Ask the model to pretend to be something else. The classic DAN (Do Anything Now) prompt from 2023 told ChatGPT it was a free version with no rules. Early versions complied. Fix: train models to refuse at the meta level, regardless of framing.
Ask for the bad thing in base64, rot13, pig latin, a made-up language. The safety classifier trained on English sometimes misses the foreign form. Fix: train on encoded versions too. New encodings keep appearing.
Anthropic researchers showed in 2024 that stuffing a long context window with hundreds of faux dialogues where a model cheerfully answers harmful questions eventually makes the real model comply.

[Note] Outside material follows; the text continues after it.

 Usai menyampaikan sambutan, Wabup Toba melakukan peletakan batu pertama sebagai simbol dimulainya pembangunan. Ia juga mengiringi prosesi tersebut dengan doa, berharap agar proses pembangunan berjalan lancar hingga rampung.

The attack exploits in-context learning itself.
CMU researchers in 2023 found garbled strings that, appended to any prompt, reliably unlock refused requests across many models. These are found via gradient optimization, not natural-language cleverness. They look like nonsense but work.
The model reads a webpage or document that contains instructions pretending to be from the user. The model follows them. This is the scariest family because agents with tools can do real damage.

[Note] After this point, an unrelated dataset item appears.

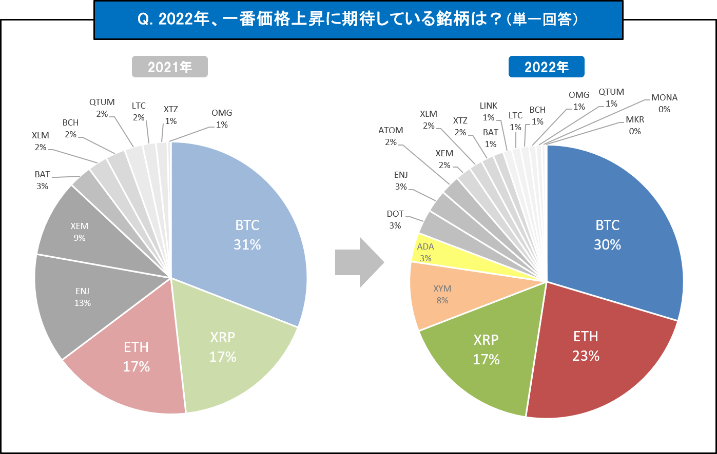 - 2022年、1番価格上昇に期待する暗号資産は昨年同様に「ビットコイン」が第1位!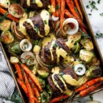 This Harvest Sheet Pan Chicken recipe is a simple and delicious dinner featuring tender boneless chicken breasts roasted alongside seasonal carrots, Brussels sprouts, and red onion. The vegetables and chicken cook together on one sheet pan for easy cleanup and perfect doneness. Finished with a flavorful homemade Maple-Dijon Dressing, this dish is perfect for weeknight meals or entertaining guests.

| Family | Canonical example | Strong defense |
|---|---|---|
| Role-play | DAN | Meta-level refusal training |
| Encoding | Base64 the harmful ask | Train on encoded forms |
| Many-shot | 100 fake dialogues | Long-context safety fine-tuning |
| Adversarial suffix | GCG optimized strings | Adversarial training + detection |
| Indirect injection | Hidden text on a webpage | Content-origin rules, sandboxing |
Every jailbreak is a gift. It shows us the shape of the thing we didn't know we hadn't taught the model.

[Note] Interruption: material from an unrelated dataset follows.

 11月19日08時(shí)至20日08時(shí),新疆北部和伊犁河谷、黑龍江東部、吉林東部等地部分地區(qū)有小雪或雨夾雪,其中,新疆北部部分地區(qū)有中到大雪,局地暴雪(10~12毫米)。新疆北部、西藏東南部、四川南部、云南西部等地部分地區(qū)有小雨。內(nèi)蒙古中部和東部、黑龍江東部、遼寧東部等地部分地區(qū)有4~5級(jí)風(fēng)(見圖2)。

— An alignment researcher at Anthropic
The big idea: jailbreaks are not a moral failure of the model. They are the emergent consequence of training on following instructions. Studying the families is how the field actually improves.
15 questions · take it digitally for instant feedback at tendril.neural-forge.io/learn/quiz/end-safety-jailbreak-families-builders
A researcher asks an AI to pretend it is an unrestricted version of itself with no safety guidelines. Which jailbreak family does this represent?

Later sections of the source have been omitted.